• Problem: Restate all of the records below exactly. Do not carry over any image.

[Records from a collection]

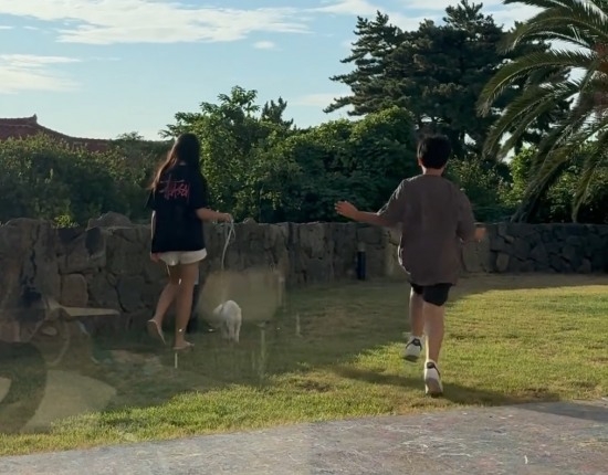 공개된 사진 속 박지윤은 아이들과 제주도 자택에서 일상을 즐기고 있는 모습이다.
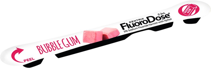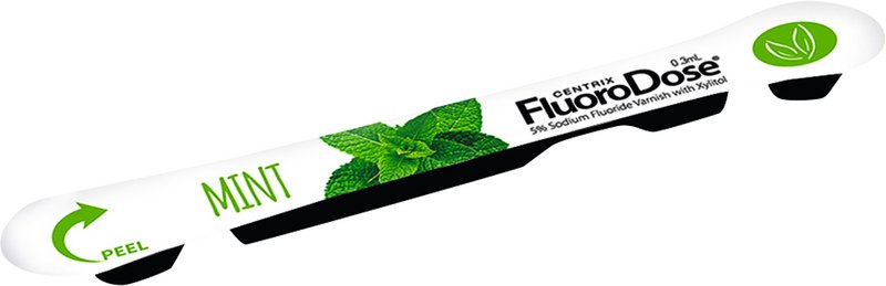 FluoroDose® enthält einen 5 %igen weißen Natriumfluorid-Kavitätenlack in der LolliPack -Einwegpackung, die maximal zulässige Fluoriddosis, und ist von der FDA für die Behandlung von Dentinüberempfindlichkeit zugelassen. Keine schmierenden Gele und unbequemen Löffel mehr; keine Angst mehr vor dem Verschlucken von Fluorid. Eintauchen. Mischen. Auftragen. Wegwerfen. Centrix macht die Fluoridlackierung sicherer und das Reinigen einfacher.
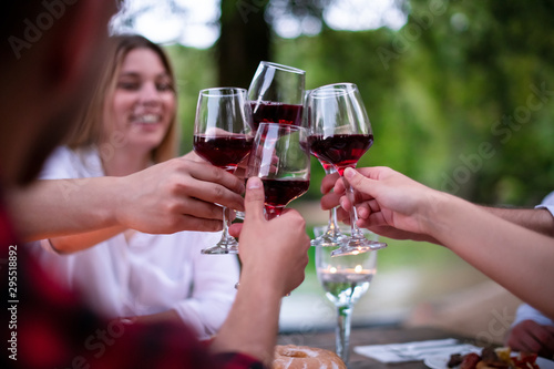 happy friends toasting red wine glass during french dinner party outdoor
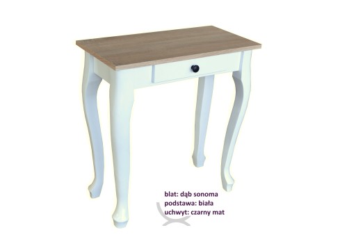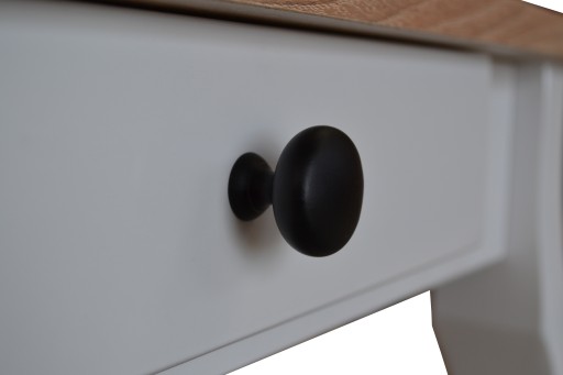 Rama, szuflada oraz nogi to lite drewno bukowe, blat wykonany z płyty laminat. Uchwyt czarny mat.
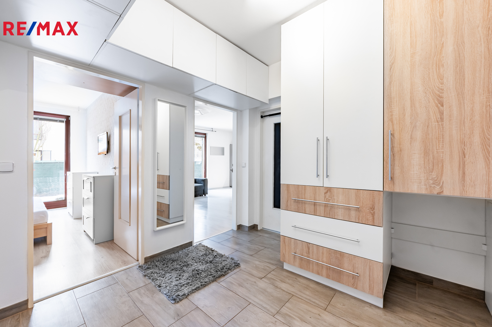 Byt disponuje prostornou vstupní chodbou s praktickou vestavěnou skříní. Dominantou bytu je obývací pokoj s kuchyňským koutem, který je vybaven indukční varnou deskou, elektrickou troubou, digestoří, lednicí a myčkou. Dále jsou zde dva samostatné pokoje, koupelna s vanou a pračkou a samostatná toaleta.
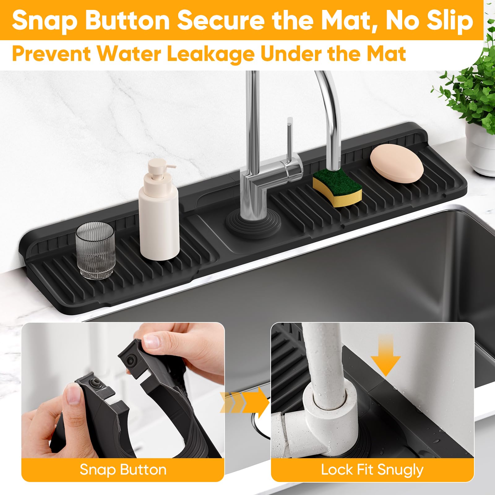 ๐ฏใSnap Button Lock, Prevent Water Gets UnderneathใInnovative fastening snap button lock design can link the product's two ends together behind faucet to hold the product firmly in place without detaching or sliding towards the sink. It can also ensures the product leaves no gaps behind the back, and good sealing to prevents water from entering. Just place our kitchen sink splash guard under the faucet and fasten the button for full countertop protection.
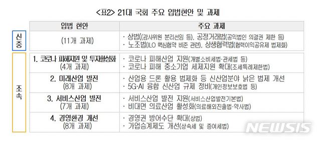 상의는 리포트에서 기업경영에 중대한 영향이 예상되는 11개 신중논의 과제(13개 법안)를 선별해 경제계 의견과 대안을 제시했다. 이와 함께 ▲코로나 피해지원 및 투자활성화 ▲미래산업 발전 ▲서비스산업 발전 ▲기업경영환경 개선 등 4대 부문 27개 조속입법과제(41개 법안)에 대한 의견도 전달했다.
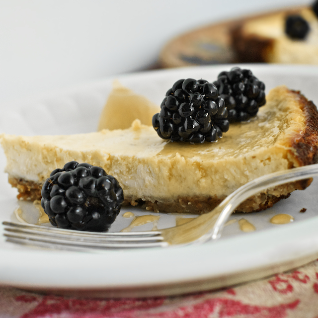 Served simply with a scattering of ripe berries from the farmer’s market and a drizzle of honey, this cheesecake is a sophisticated and sweetly delicious dessert. I’m looking forward to having more!
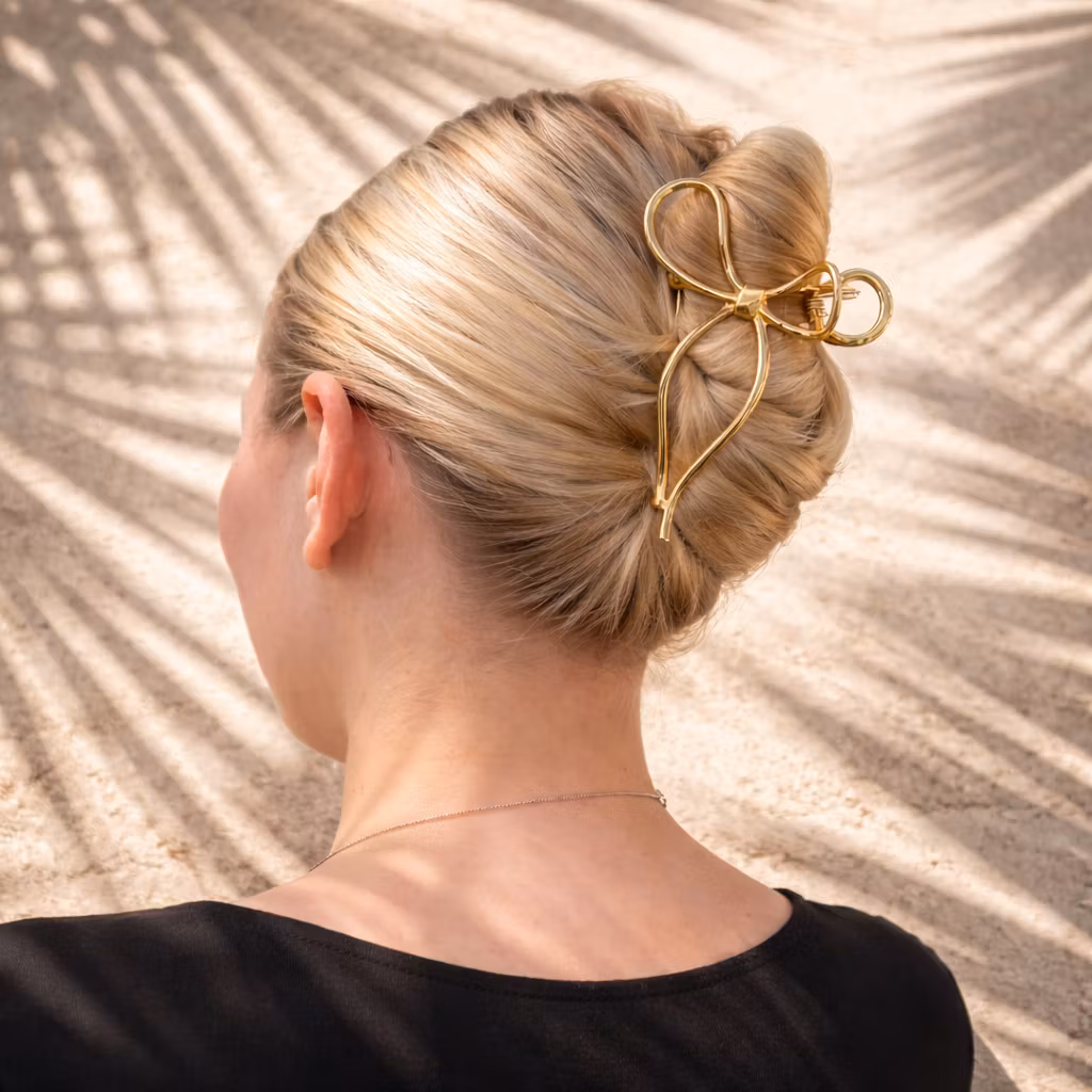 En vacker festlig hårklämma formad som en rosett i guldfärg.Sitter hårt i mellantjockt eller tjockt hår.Finns även i Silver.AI genererade bilder (bakgrunder)
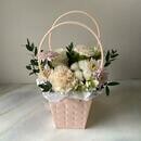 - Цветы в коробке"Комплимент"(роза, диантусы, альстромерия, хризантема кустовая)
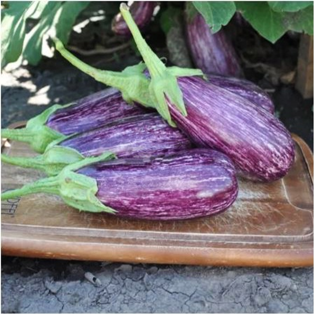 - Овальної форми червоно-фіолетові з білими смугами гладкі з блискучою поверхнею однорідні за розміром плоди масою 300-350 г (діаметр 12-14 см, довжина 16-18 см) мають ніжну, щільну м'якоть приємного смаку з невеликою кількістю насіння.
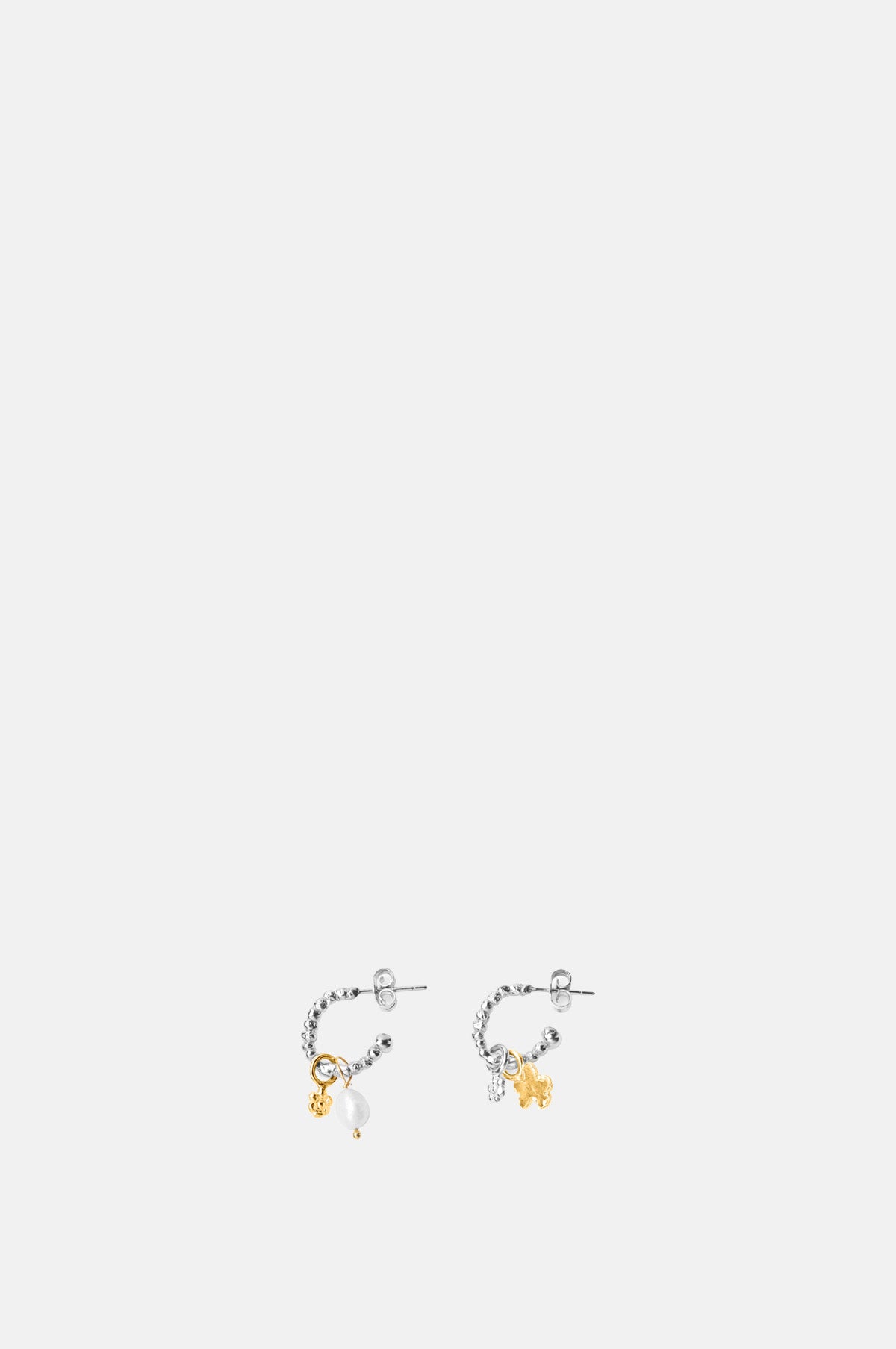 We adore these delicate mixed metal earrings from Christina Junquero. A tiny silver hoop with mixed metal charms it looks beautiful on the ear and is a great everyday piece.

• Completed task:
 공개된 사진 속 박지윤은 아이들과 제주도 자택에서 일상을 즐기고 있는 모습이다.
 FluoroDose® enthält einen 5 %igen weißen Natriumfluorid-Kavitätenlack in der LolliPack -Einwegpackung, die maximal zulässige Fluoriddosis, und ist von der FDA für die Behandlung von Dentinüberempfindlichkeit zugelassen. Keine schmierenden Gele und unbequemen Löffel mehr; keine Angst mehr vor dem Verschlucken von Fluorid. Eintauchen. Mischen. Auftragen. Wegwerfen. Centrix macht die Fluoridlackierung sicherer und das Reinigen einfacher.
 happy friends toasting red wine glass during french dinner party outdoor
 Rama, szuflada oraz nogi to lite drewno bukowe, blat wykonany z płyty laminat. Uchwyt czarny mat.
 Byt disponuje prostornou vstupní chodbou s praktickou vestavěnou skříní. Dominantou bytu je obývací pokoj s kuchyňským koutem, který je vybaven indukční varnou deskou, elektrickou troubou, digestoří, lednicí a myčkou. Dále jsou zde dva samostatné pokoje, koupelna s vanou a pračkou a samostatná toaleta.
 ๐ฏใSnap Button Lock, Prevent Water Gets UnderneathใInnovative fastening snap button lock design can link the product's two ends together behind faucet to hold the product firmly in place without detaching or sliding towards the sink. It can also ensures the product leaves no gaps behind the back, and good sealing to prevents water from entering. Just place our kitchen sink splash guard under the faucet and fasten the button for full countertop protection.
 상의는 리포트에서 기업경영에 중대한 영향이 예상되는 11개 신중논의 과제(13개 법안)를 선별해 경제계 의견과 대안을 제시했다. 이와 함께 ▲코로나 피해지원 및 투자활성화 ▲미래산업 발전 ▲서비스산업 발전 ▲기업경영환경 개선 등 4대 부문 27개 조속입법과제(41개 법안)에 대한 의견도 전달했다.
 Served simply with a scattering of ripe berries from the farmer’s market and a drizzle of honey, this cheesecake is a sophisticated and sweetly delicious dessert. I’m looking forward to having more!
 En vacker festlig hårklämma formad som en rosett i guldfärg.Sitter hårt i mellantjockt eller tjockt hår.Finns även i Silver.AI genererade bilder (bakgrunder)
 - Цветы в коробке"Комплимент"(роза, диантусы, альстромерия, хризантема кустовая)
 - Овальної форми червоно-фіолетові з білими смугами гладкі з блискучою поверхнею однорідні за розміром плоди масою 300-350 г (діаметр 12-14 см, довжина 16-18 см) мають ніжну, щільну м'якоть приємного смаку з невеликою кількістю насіння.
 We adore these delicate mixed metal earrings from Christina Junquero. A tiny silver hoop with mixed metal charms it looks beautiful on the ear and is a great everyday piece.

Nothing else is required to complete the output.